The project's goal was to support all datasets accesible through Login/API. Only a couple of these APIs have been integrated to Data Retriever. Some tasks that require more work and attention:
-
Continue searching for more of these APIs.
-
The CKAN API could also be integrated. More research should be conducted over its functioning.
-
Add support for all the tabular Socrata datasets.
-
Add support for Raster and Vector type Socrata datasets.
I plan to continue contributing more to Data Retriever after GSoC'21 and become an active contributor for the repository.
For me, the last three months have been an incredible learning experience, and I am grateful for everything I've learned.
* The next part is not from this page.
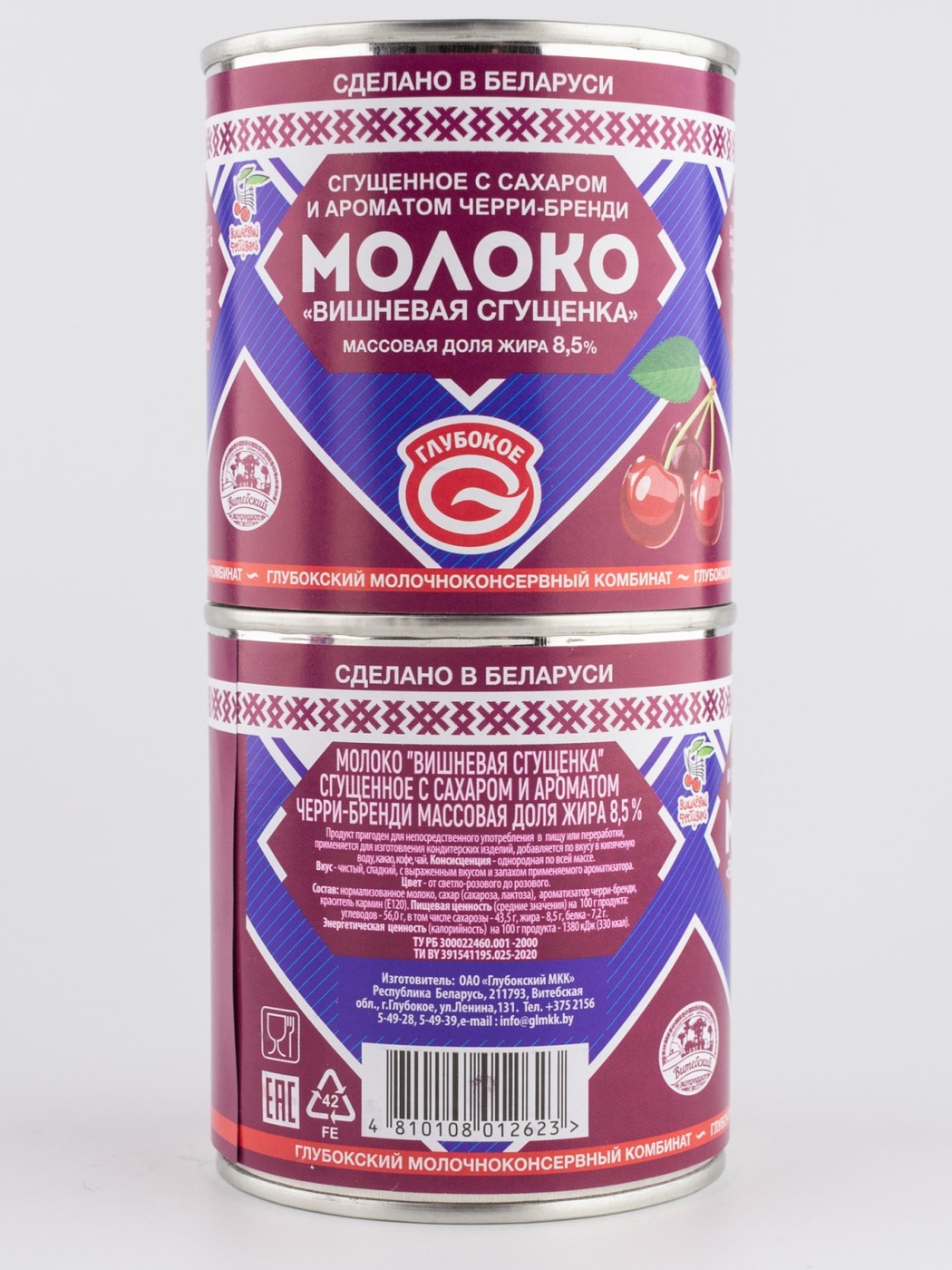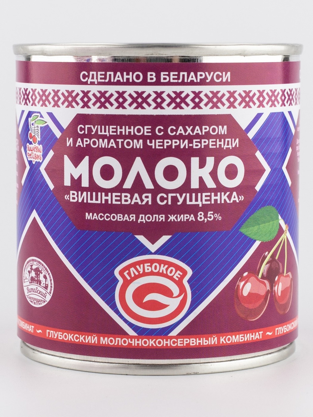 Молоко сгущенное с сахаром ароматом Черри-бренди Вишневая сгущенка 8,5% 2 шт по 380г

I learnt CI/CD using Docker and Github Actions, interfacing between R and Python, and using REST APIs. The entire experience has really aided my overall development as a developer, and I can confidently state that this has been the most fruitful summer of my life!
Finally, I'd like to express my gratitude to my mentors Henry Senyondo and Ethan White for allowing me to work with them. Henry Senyondo deserves special recognition for his unwavering support and leadership. Without his mentoring, I might have strayed from the project.